Material and methods
The material for this study comprised UK Boxers with ARVC together with selected normal dogs collected from the show section of the breed over the years 2000–2010. Extended pedigree analyses were conducted by BMC using Kennel Club records. Blood samples were taken for STRN testing and for other routine diagnostic testing and surplus blood was stored in EDTA for genomic DNA extraction and used in an ongoing GWAS study (R. M. Hamilton, personal communication).
The dogs investigated derived from two sources. ARVC diagnoses in one group (BMC) were provided by practising veterinary surgeons’ or veterinary cardiologists’ reports, with diagnoses (made as below) verified by review of clinical records by PRW. The other group, referred directly to Glasgow (PRW) and Liverpool (JD-M and HMS) Veterinary Schools, were clinically diagnosed based on echocardiography, 24 h ambulatory electrocardiography (Holter) data (24AECG) according to the criteria specified by Meurs (2004), and exclusion of other causes of arrhythmia. They were then assigned to one of the three Harpster categories of severity (Harpster 1983, 1991).
For the pedigree studies, verification that cases from both sources specifically represented inherited disease was established by their presence in recognised family groups (BMC). Relationship was the key criterion for selection of all material for this genetic study. Rescue dogs and other ARVC cases without pedigrees were not included. Deduced normal Boxers were derived from sections of the breed defined by exclusion as free of the gene causing ARVC (or considered to be at low risk) through (1) the absence of any reported cases (see Results section) in a national veterinary screen for Boxer ARVC over the 10-year period of the study, (2) an absence of deduced ancestral sources of ARVC in their pedigrees (see Results) and (3) with support for this conclusion verified, as possible, by individual dogs in the study selected as each having several hundred progeny, none of which have been reported as ARVC cases, this again based on the national screen. For the veterinary school sources (JD-M, HMS and PRW), normal Boxers of ≥8 years old were also phenotyped (defined as phenotype-normal if unremarkable on echocardiography and 24AECG showed <50 VPCs/24 h), but for dogs from both sources (BMC and veterinary schools), classification of ARVC clear-by-pedigree remained the paramount criterion for normal (disease gene free or low risk). The mode of inheritance was ascertained by evaluation of pedigrees over several generations for evidence of inbreeding or the presence of ARVC-producing animals on both the sire's and dam's pedigrees. Either finding might suggest a recessive inheritance, and an absence in one or other could accord with a dominant. Sexes and severity of effect were noted to check for possible sex-linked inheritances.
Tracing the origins of the disease was complicated by the fact that the penetrance was extremely low such that the disease was rarely recognised in breeding animals. Thus, few parents were found to be affected even years after producing affected progeny. Pedigree analysis was therefore conducted by identifying such dogs through their production of affected progeny in litters with several different mates. Thereafter, lines of descent were distinguished by tracing these ARVC-producing dogs/bitches back through the pedigrees until they reached a common source. Such pedigree analyses were based on 183 ARVC-affected Boxers from the show section of the breed.
STRN genotyping of the initial Boxers was kindly conducted by Dr K. Meurs, using an amplified fragment length polymorphism, as previously described (Meurs and others 2013). Subsequent samples were genotyped by one of us (RMH) or at Antagene, courtesy of Dr Anne Thomas. Results were classified as being homozygous or heterozygous for the STRN mutation, or wild type (WT). Evidence on the association between the mutation and the disease phenotype was sought thereafter.
The age of diagnosis of ARVC in dogs and bitches was compared with an unpaired Student t test. Significance was accepted as P<0.05. The genotypes (homozygous and heterozygous for STRN, WT) were compared between groups with the χ2 test.
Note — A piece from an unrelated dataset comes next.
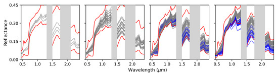 LUT reflectances and AVIRIS-C reflectances at validation pixels for each date (from left to right: June 2013, September 2013, June 2014, June 2016). In red, reflectance boundaries of the associated LUT, in gray, AVIRIS-C reflectances. In blue, AVIRIS-C reflectances from mixed QUDO-PISA validation pixels.

Sexes were near-equally represented (54 per cent males, n=194). The range of expression as assessed by age of diagnosis was variable (<1 to over 10 years), this range even being found within a single litter. The median age of diagnosis was seven years. Age of diagnosis was greater in males than in females but not significantly so (P=0.082).
The initial observation of ARVC in British Boxers was based on a cluster of closely inbred cases (Wotton 1999). As further cases were reported, lines of descent to a few individual ARVC-producing dogs could be seen (Fig 1, dogs B–F) and ultimately each of these could be shown to trace back to a single common ancestor (Fig 1, dog A), mostly through a grandson (Fig 1 dog B). Together, they are the source of all ARVC in this line of descent (line 1). Significantly, the older dog (A) was derived from Harpster's (1983) ARVC study source in America. Eighty-two dogs (47 males, 35 females) belonged in line 1.
A second family line of dogs with ARVC was then recognised (line 2). This also traced back through a series of transmitting dogs (Fig 2, dogs G–O) to two North American imported males (Fig 2, dogs G and H), both again linking directly to the group studied by Harpster (1983). Seventy-six dogs (40 males, 36 females) belonged in line 2. Some ARVC cases of mixed line 1–line 2 origin were also found (5 males, 6 females; data not shown).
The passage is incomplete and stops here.